Sena’s barbs would have hurt BJP more than the opposition’s because both parties’ bases overlap significantly. Yet both needed each other and this kept the alliance in place. The seat sharing deal with Sena is an acknowledgment by BJP that the downside risks of fighting Lok Sabha elections without its ally-cum-foe are too forbidding to ignore. A similar situation forced BJP to part with 17 seats for JD(U) in Bihar. In making peace with former critics like Uddhav Thackeray and Bihar chief minister Nitish Kumar, BJP appears to have concluded that 2019 is too close to call.

Anti-incumbency and the newfound resolve among opposition parties to prevent division of their vote could be behind BJP’s mellowing, as it shores up alliances through generous seat sharing arrangements. In Maharashtra, Congress and NCP are reviving their alliance and reportedly wooing smaller parties led by Prakash Ambedkar, Raju Shetti and Raj Thackeray. Recall that the Congress-NCP alliance won three successive assembly elections before being felled by the Modi wave of 2014. BJP may rue the surrender of gains it made vis-a-vis the Sena in Maharashtra but coalition arithmetic demands such sacrifices.

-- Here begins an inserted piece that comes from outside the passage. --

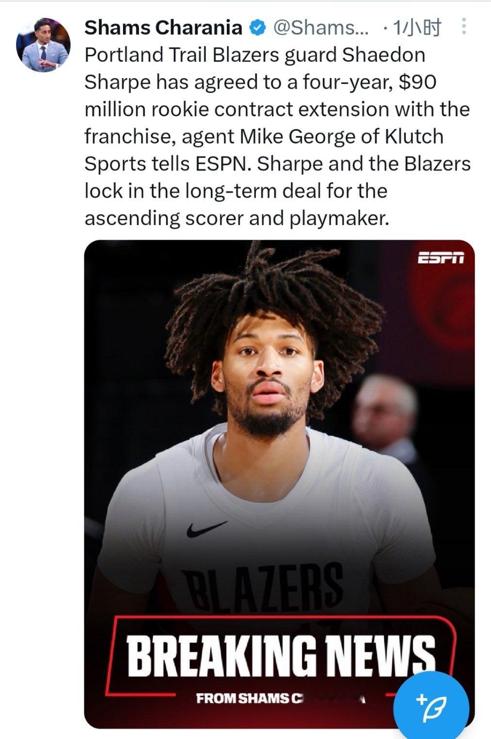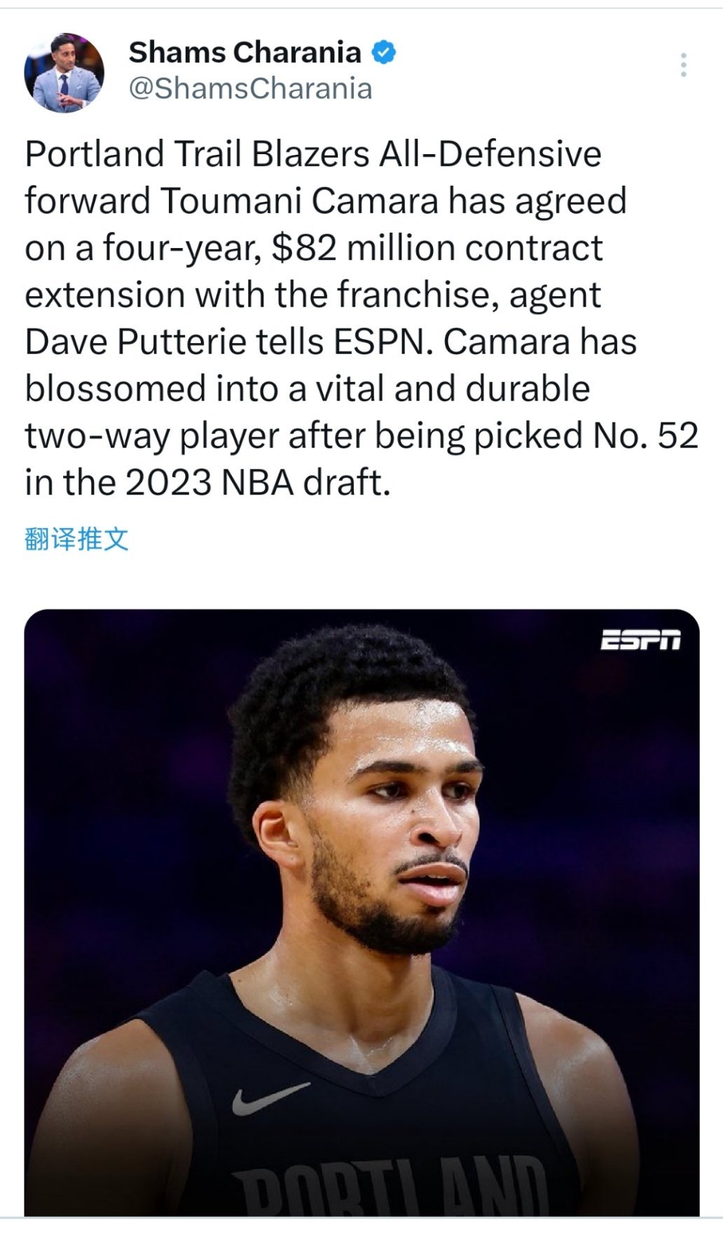 ☞有一说一,开拓者给夏普和卡马拉的合同都不算溢价,挺符合当下薪水的

In the 1990s it was BJP that propped up Nitish after his split with Lalu Prasad. The investment paid handsome dividends when the JD(U)-BJP coalition stormed to power in Bihar in 2005. In 2017, when JD(U) was again on a weak wicket, BJP played a masterstroke to woo it back. As a result, NDA may fare better in Bihar after the lashing in the 2015 assembly polls. BJP president Amit Shah had preferred a maximalist approach to politics earlier, but that is taking a backseat now due to pragmatic compulsions. Recall that the north-east was also won through alliances. Both BJP and Shiv Sena have an opportunity to put the past behind them. But selling the alliance to voters after Sena’s incessant criticism will be a tricky proposition.